Friends Colony (East & West)

Like NFC, these are also cooperative societies set up by Nathu Ram, a businessman, who bought the land and allotted plots to buyers. Together, these two colonies have 297 plots. The two colonies, divided by Mathura Road, were developed in the 1950s when people started settling here post-Partition. The plots were sold at eight annas per square yard. From top industrialists, politicians, judges, proprietors, hoteliers and senior government employees, the two colonies boast of the city’s most affluent inhabitants. The colony has retained its thick green cover and is still more peaceful, if compared with NFC. However, the approach roads remain crowded and jammed during peak hours.

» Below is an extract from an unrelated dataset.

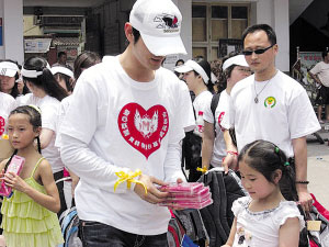 5月16日,在“5·12地震”發(fā)生的第四天,黃曉明帶著醫(yī)療和救援志愿隊(duì)趕到受災(zāi)最嚴(yán)重的遵道鎮(zhèn)、漢旺鎮(zhèn)和死傷人數(shù)最為慘重的東方汽輪廠等地,以一名普通志愿者的身份默默幫忙。昨天,在兒童節(jié)這一天,黃曉明又親自率領(lǐng)自己的愛心基金會(huì)成員們,二度進(jìn)入重災(zāi)區(qū)綿陽安縣的數(shù)所小學(xué),給孩子們帶去急缺的生活學(xué)習(xí)用品。本報(bào)記者昨天也全程陪同,見證了這位將慈善視之“習(xí)慣”的明星的真性情一面。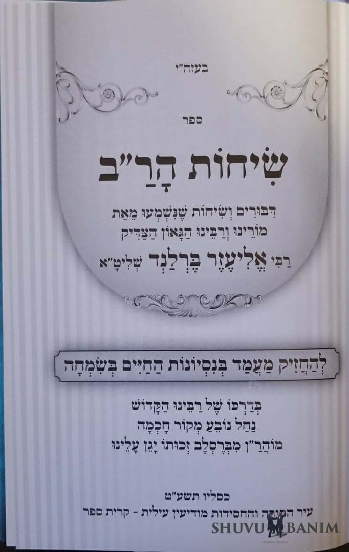 הספר "שיחות הרב" – דיבורים ושיחות קצרות להחזיק מעמד בנסיונות החיים בשמחה בדרך רבינו הקדוש מוהר"ן מברסלב זיע"א – מאת כ"ק הגה"צ הרב אליעזר ברלנד שליט"א

MD Gupta, who has been working for the Friends Club located in Friends Colony (West) for 36 years, said, “Many well-known personalities come at the club. I remember coming here in my 20s for work. I used to cycle down from Kotla Mubarakpur. Today, no one can even think of riding a bicycle in the maddening traffic.” Gupta still remembers the old houses and their plot numbers by heart. The Friends Club (open only to members) was established in 1961.

Many retired IAS and IFS officers have also settled here. Also, most residents have added more storeys to the original single-storey houses. Over the years, a number of four-storey apartment blocks have also come up, occupied mostly by expats.